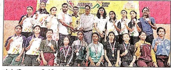
खेलो इंडिया वुशु प्रतियोगिता में पदक प्राप्त करनेवाले झारखंड के खिलाड़ी।
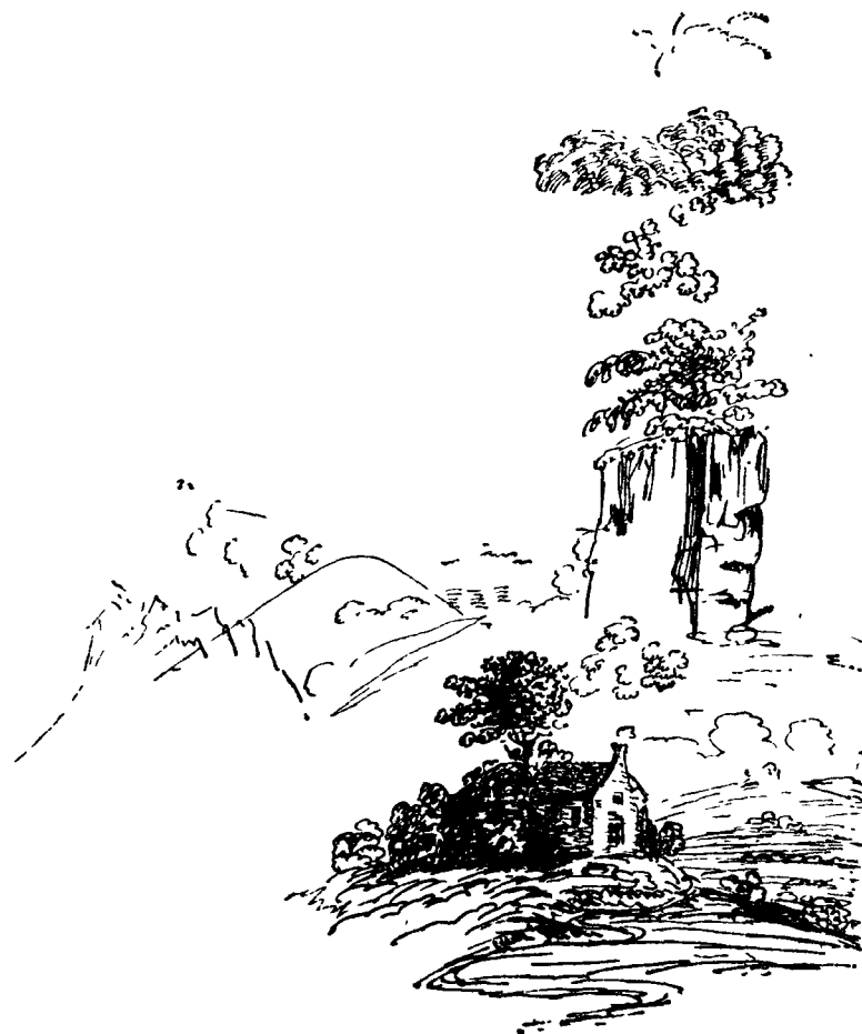
Рисунок, сделанный В. А. Жуковским.

Секретарь Общества Светлана сообщил мне предложение члена Чу!! вместе с формулою тоожественного обещания.
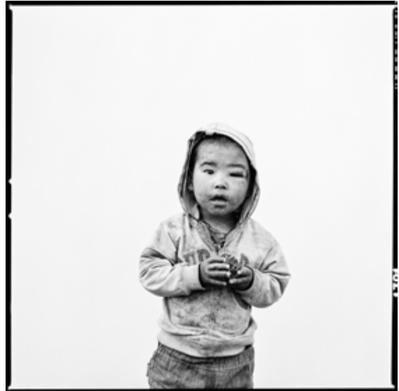
Rémi Chapeaublanc, Bold , 2017, impression jet d'encre pigmentaire sur papier Baryté Hahnemühle, 30 x 30 cm
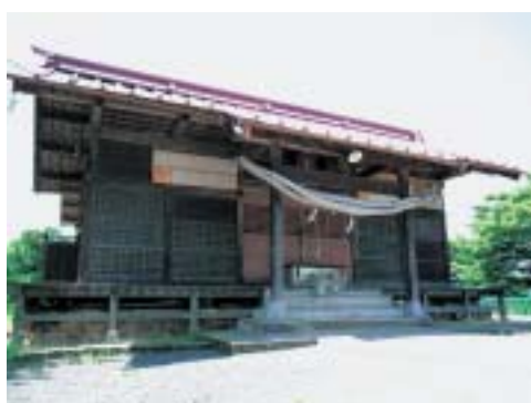
愛宕山の山頂に建つ「愛宕神社」

地域に残る歴史・伝統や自然をもつ一度再発見し、今後に伝えていかなければなりません。三町内会が一体となり、町内会の皆さんのご協力をいただき交流を
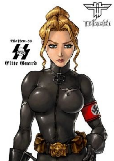
Гламурный фашизм такой гламурный

Создатель новой серии эпической игры — студия MachineGames — настоятельно рекомендует олдфагам обновить своё ржавое железо к 20.05.2014!
-------------------------
In the records above, find the line that contains "Рисунок, сделанный В. А. Жуковским.". Retype it and every line after it, exactly, leaving out all pictures.

Рисунок, сделанный В. А. Жуковским.

Секретарь Общества Светлана сообщил мне предложение члена Чу!! вместе с формулою тоожественного обещания.
Rémi Chapeaublanc, Bold , 2017, impression jet d'encre pigmentaire sur papier Baryté Hahnemühle, 30 x 30 cm
愛宕山の山頂に建つ「愛宕神社」

地域に残る歴史・伝統や自然をもつ一度再発見し、今後に伝えていかなければなりません。三町内会が一体となり、町内会の皆さんのご協力をいただき交流を
Гламурный фашизм такой гламурный

Создатель новой серии эпической игры — студия MachineGames — настоятельно рекомендует олдфагам обновить своё ржавое железо к 20.05.2014!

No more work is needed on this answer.